Home repossessions fall further in UK
The number of homes repossessed by mortgage lenders fell again in the second quarter of the year.
Lenders seized 9,400 properties in April, May and June, 400 fewer than in the first quarter of 2010, according to the Council of Mortgage Lenders (CML).
Repossessions have now fallen for three quarters in a row since they reached a peak of 12,100 last September.
The number of mortgages in arrears also fell, dropping 5% during the quarter to stand at 178,200 at the end of June.
However, the CML's director general, Michael Coogan, said the situation was "far from a healthy all-clear".
"Mortgage difficulties have so far been contained at lower levels than we expected at the start of the year, and by comparison to the 1990s recession," he said.
"However, the safety net for borrowers is weakened by the prospect of higher interest rates, a possible rise in unemployment, [and] reduced government support for mortgage payments."

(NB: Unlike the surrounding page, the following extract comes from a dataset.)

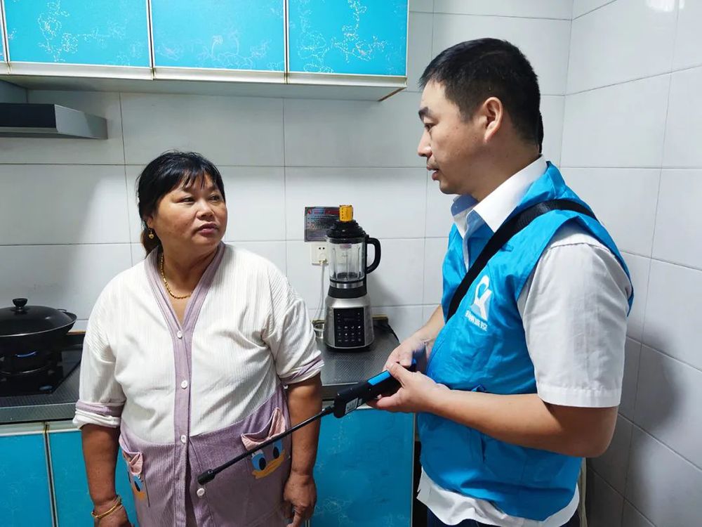 中秋來(lái)臨之際,藍(lán)焰衛(wèi)士走訪慰問(wèn)了谷營(yíng)村的兩戶困難群眾,并送上了節(jié)日祝福和生活用品,隨行安檢人員對(duì)兩戶家庭進(jìn)行全面燃?xì)獍踩珯z查,并以通俗易懂的方式耐心講解安全常識(shí),叮囑不用氣時(shí)要及時(shí)關(guān)閉閥門(mén),開(kāi)窗保持通風(fēng)。安檢過(guò)程中發(fā)現(xiàn)其中一戶存在外管支架脫落的問(wèn)題,現(xiàn)場(chǎng)做了臨時(shí)處理并及時(shí)反饋給公司相關(guān)部門(mén)快速解決。兩位老人對(duì)藍(lán)焰衛(wèi)士的到來(lái)表示熱情歡迎,“在中秋佳節(jié)來(lái)臨之際,感謝藍(lán)焰衛(wèi)士的服務(wù)與慰問(wèn),讓我們提前感受到傳統(tǒng)節(jié)日的濃厚氛圍和揚(yáng)州中燃帶來(lái)的的溫暖!”

The CML said it now expected only 39,000 homes to be repossessed this year, down from its previous forecast of 53,000.
That expectation is supported by evidence from the courts in England and Wales where the number of attempts by lenders to seize the homes of defaulting borrowers has fallen again.
In the second quarter of the year the number of possession claims launched by lenders fell by 5% to 17,774, statistics from the Ministry of Justice show.

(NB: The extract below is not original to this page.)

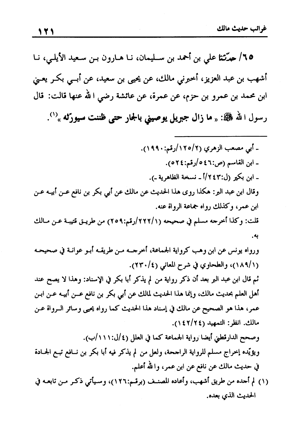 65 - حَدَّثَنَا عَلِيُّ بْنُ أَحْمَدَ بْنِ سُلَيْمَانَ، نا هَارُونُ بْنُ سَعِيدٍ الْأَيْلِيُّ، نا أَشْهَبُ بْنُ عَبْدِ الْعَزِيزِ، أَخْبَرَنِي مَالِكٌ، عَنْ يَحْيَى بْنِ سَعِيدٍ، عَنْ أَبِي بَكْرٍ - يَعْنِي ابْنَ مُحَمَّدِ بْنِ عَمْرِو بْنِ حَزْمٍ، عَنْ عَمْرَةَ، عَنْ عَائِشَةَ، رَضِيَ اللَّهُ عَنْهَا قَالَتْ: قَالَ رَسُولُ اللَّهِ صَلَّى اللَّهُ عَلَيْهِ وَسَلَّمَ: «مَا زَالَ جِبْرِيلُ يُوصِينِي بِالْجَارِ حَتَّى ظَنَنْتُ سَيُوَرِّثُهُ»

Apart from a brief rise in the second quarter of 2009, the number of claims has been on a downward trend since the start of 2008, when they reached a peak of nearly 40,000 in the first quarter of the year.
The number of claims that were then granted by the court also fell, down by 7% from the first quarter of the year to 13,389.
That too was far lower than the peak number of more than 28,000, recorded in the last quarter of 2008.
Nearly half of all orders still end up being suspended by the courts, typically to give the home owner time to pay.
The CML explained that despite the apparent improvement in arrears and repossessions, some people with high arrears were still perilously close to losing their homes.
The proportion of all mortgages with the lowest levels of arrears - where payments are behind by between 1.5% and 2.5% of the outstanding loan - has fallen to 0.7%, or 80,100.
But the proportion of mortgage holders with very high levels of arrears - amounting to more than 10% of the outstanding loan - is still stuck at 26,400, or 0.23% of all mortgage holders.
"There is still a significant segment of borrowers whose arrears may have been stabilised through lender forbearance or other support, but whose situation is not improving enough to enable them to claw their way out of problems," the CML said.
"These finely-balanced arrears cases are the ones who may be at most risk of tipping into repossession if there are negative changes such as higher interest rates or reduced benefit support," it warned.
The Consumer Credit Counselling Service (CCCS) warned that repossessions were likely to rise in the coming year.
"A housing market recovery may lead to an increase in the number of repossessions as lenders enforce suspended possession orders after previous leniency," warned Malcolm Hurlston, CCCS chairman.
"This situation is likely to be aggravated in October when support for mortgage interest payments for those who have lost their jobs are halved from 6.08% to 3.09%, to match the Bank of England's average mortgage rate."